_PROBLEM TO WORK ON:_ Return the lines below exactly, from the first line to the line that contains "<p>Schnitzel coltello DU, per". Leave out pictures.

_MATERIAL PROVIDED:_
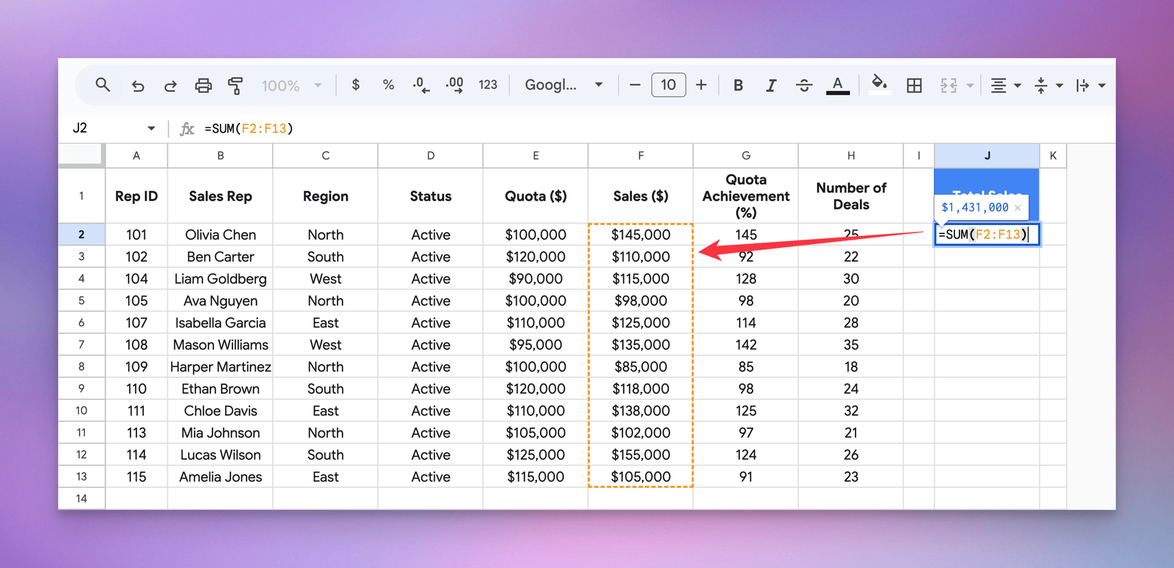Google Sheets tables offer a better solution (thanks to Gemini): Table references. Instead of ‘=SUM(F2:F13)’, you:
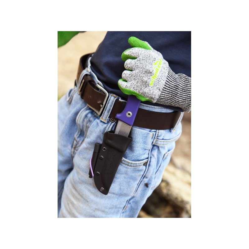 <p>Schnitzel coltello DU, per bambini, viola</p> <p></p> <p>- Materiale lama: acciaio inossidabile 14C28N con finitura anticorrosione </p> <p>- Materiale dell'impugnatura: G-10 in viola (disponibile anche in verde oliva, giallo e rosso) </p> <p>- Lunghezza totale: circa 18,5 cm </p> <p>- Lunghezza lama: circa 8,5 cm </p> <p>- Spessore della lama: circa 3 mm </p> <p>- Lunghezza manico: circa 10 cm </p> <p>- Spessore del manico: circa 14 mm </p> <p>- Include fodero in Kydex, supporto in acciaio antincendio (nero) e acciaio antincendio </p> <p>- Peso: circa 128 g (circa 176 g con custodia)</p>
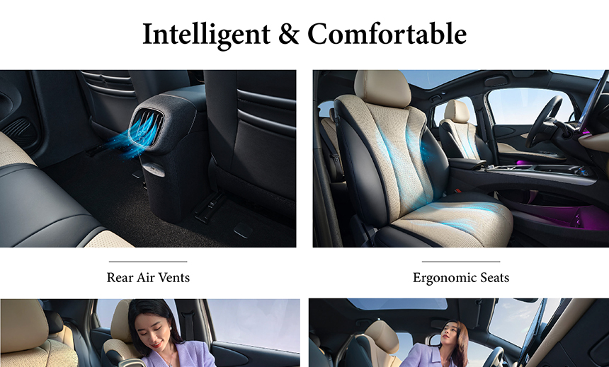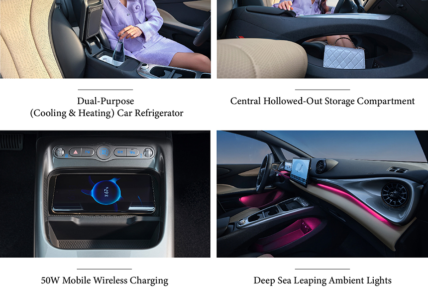 The BYD Dolphin Intelligent Driving Edition's cabin is crafted for comfort and daily convenience. It is equipped with ergonomic seats designed for excellent support and reduced fatigue on longer drives. A standout feature is the versatile dual-purpose (cooling & heating) car refrigerator, perfect for keeping snacks and drinks at the ideal temperature. These thoughtful amenities create a practical and pleasant environment for both commutes and road trips.
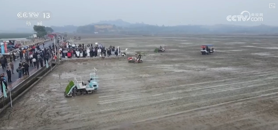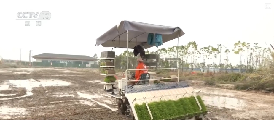 在廣東佛山,春播春耕作業正在進行。2025年,種植戶利用無人駕駛插秧機等設備,高效完成早稻插秧播種。

_EXERCISE OUTPUT:_
Google Sheets tables offer a better solution (thanks to Gemini): Table references. Instead of ‘=SUM(F2:F13)’, you:
 <p>Schnitzel coltello DU, per bambini, viola</p> <p></p> <p>- Materiale lama: acciaio inossidabile 14C28N con finitura anticorrosione </p> <p>- Materiale dell'impugnatura: G-10 in viola (disponibile anche in verde oliva, giallo e rosso) </p> <p>- Lunghezza totale: circa 18,5 cm </p> <p>- Lunghezza lama: circa 8,5 cm </p> <p>- Spessore della lama: circa 3 mm </p> <p>- Lunghezza manico: circa 10 cm </p> <p>- Spessore del manico: circa 14 mm </p> <p>- Include fodero in Kydex, supporto in acciaio antincendio (nero) e acciaio antincendio </p> <p>- Peso: circa 128 g (circa 176 g con custodia)</p>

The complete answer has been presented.